THE DATA:
★ ★ ★

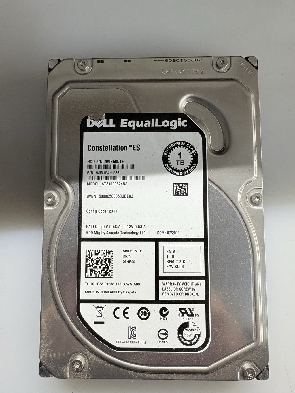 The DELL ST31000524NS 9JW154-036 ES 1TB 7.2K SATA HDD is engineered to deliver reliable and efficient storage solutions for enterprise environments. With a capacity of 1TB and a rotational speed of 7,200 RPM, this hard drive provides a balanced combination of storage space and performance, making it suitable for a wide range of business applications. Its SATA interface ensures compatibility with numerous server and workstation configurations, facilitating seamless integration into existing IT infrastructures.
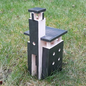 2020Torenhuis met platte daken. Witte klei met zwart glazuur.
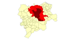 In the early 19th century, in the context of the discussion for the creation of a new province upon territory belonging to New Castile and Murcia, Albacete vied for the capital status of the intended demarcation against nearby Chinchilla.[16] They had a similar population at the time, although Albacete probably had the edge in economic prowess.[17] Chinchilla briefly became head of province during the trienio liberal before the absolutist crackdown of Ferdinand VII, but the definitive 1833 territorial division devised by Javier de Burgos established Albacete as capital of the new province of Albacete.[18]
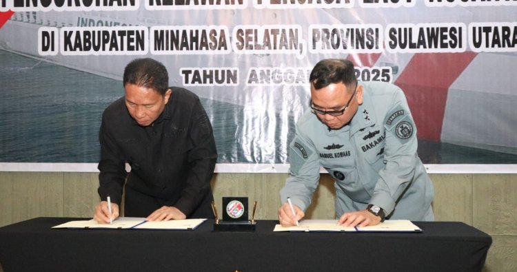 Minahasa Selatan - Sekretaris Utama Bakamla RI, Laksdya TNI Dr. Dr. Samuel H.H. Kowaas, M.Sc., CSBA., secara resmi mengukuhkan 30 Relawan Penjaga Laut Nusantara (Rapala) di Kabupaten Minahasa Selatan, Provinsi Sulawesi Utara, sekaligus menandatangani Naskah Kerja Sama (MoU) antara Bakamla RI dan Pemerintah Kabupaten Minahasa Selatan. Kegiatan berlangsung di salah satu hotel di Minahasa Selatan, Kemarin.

★ ★ ★

WORK INSTRUCTIONS: Only the lines that lie between the start of the listing and the line containing "In the early", both included, belong in the answer; write them out exactly and omit pictures.

WRITTEN ANSWER:
 The DELL ST31000524NS 9JW154-036 ES 1TB 7.2K SATA HDD is engineered to deliver reliable and efficient storage solutions for enterprise environments. With a capacity of 1TB and a rotational speed of 7,200 RPM, this hard drive provides a balanced combination of storage space and performance, making it suitable for a wide range of business applications. Its SATA interface ensures compatibility with numerous server and workstation configurations, facilitating seamless integration into existing IT infrastructures.
 2020Torenhuis met platte daken. Witte klei met zwart glazuur.
 In the early 19th century, in the context of the discussion for the creation of a new province upon territory belonging to New Castile and Murcia, Albacete vied for the capital status of the intended demarcation against nearby Chinchilla.[16] They had a similar population at the time, although Albacete probably had the edge in economic prowess.[17] Chinchilla briefly became head of province during the trienio liberal before the absolutist crackdown of Ferdinand VII, but the definitive 1833 territorial division devised by Javier de Burgos established Albacete as capital of the new province of Albacete.[18]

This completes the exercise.